API: `new()`, `cancel()`, `is_cancelled()`, and the async `cancelled().await`
future (usable in a `select!` arm). Cloning is `O(1)` and every clone shares one
state, so cancelling any clone cancels them all.

Wiring:

- A fresh `RunContext` carries a never-cancelled token, so cancellation is
  strictly opt-in. Install a shared token with
  `RunContext::with_cancellation(token)`.
- The agent loop polls `ctx.cancellation.is_cancelled()` at the same safe
  checkpoints used for steering: **before each model call** and **before each
  (side-effecting) tool call**. On observing cancellation it unwinds the run with
  `TinyAgentsError::Cancelled`.
- The streaming path races `cancellation.cancelled()` against each provider
  chunk in a `select!`, dropping the partial stream and returning `Cancelled`.
- The retry / fallback path checks the token before issuing each model attempt,
  so a cancel requested during a retry wait stops the run instead of firing
  another provider call or advancing the fallback chain.
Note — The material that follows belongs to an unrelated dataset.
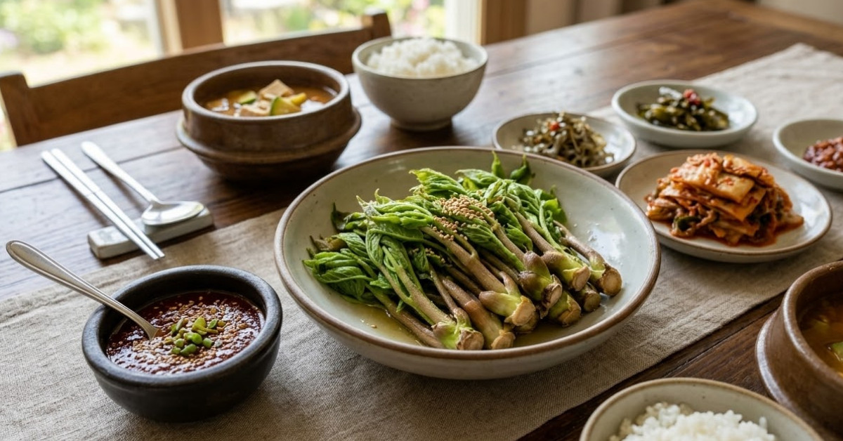 두릅 본연의 향과 아삭한 식감을 가장 온전하게 즐길 수 있는 방식인 숙회는 온도와 시간의 정밀한 조절이 핵심이다. 냄비에 물을 넉넉히 붓고 소금을 한 큰술 넣어 끓인 뒤, 단단한 밑동부터 끓는 물에 넣어 약 30초간 먼저 익히는 과정이 필수적이다. 이후 잎 부분까지 모두 담가 전체적으로 선명한 초록색이 돌 때까지 1분 내외로 빠르게 데쳐내야 영양소 파괴를 최소화하고 특유의 식감을 살릴 수 있다. 건져낸 두릅은 즉시 차가운 얼음물에 담가 잔열을 식혀야 색이 변하지 않으며, 물기를 지그시 눌러 짠 뒤 초고추장에 찍어 먹으면 쌉싸름한 맛과 새콤달콤한 양념이 완벽한 조화를 이룬다.

Cancellation is cooperative, never preemptive: a token is never observed
mid-tool or mid-chunk, only at well-defined checkpoints.

## Context Pressure

Before every model call, the harness estimates whether the request fits. If not,
it applies configured policies in order:

1. drop nonessential retrieved context
2. trim old messages
3. summarize old messages
4. compact tool outputs
5. fail with a context-limit error

Every action emits an event.

## Inheritance Rules

Nested calls inherit:

- root run id
- parent run id
- thread id unless overridden
- event sink
- cancellation token
- stores
- usage and cost trackers
- cache registry
- inherited tags and metadata
- budget and limit policies

Nested calls may add local tags and metadata. They must not mutate parent config
in place. This keeps traces and tests deterministic.

## Runtime Injection

Tools and middleware may receive runtime-only values such as stores,
cancellation, event sinks, and typed app context. Those values must not appear in
model-visible JSON schemas. The tool feature owns schema hiding; the context
feature owns safe access to the values.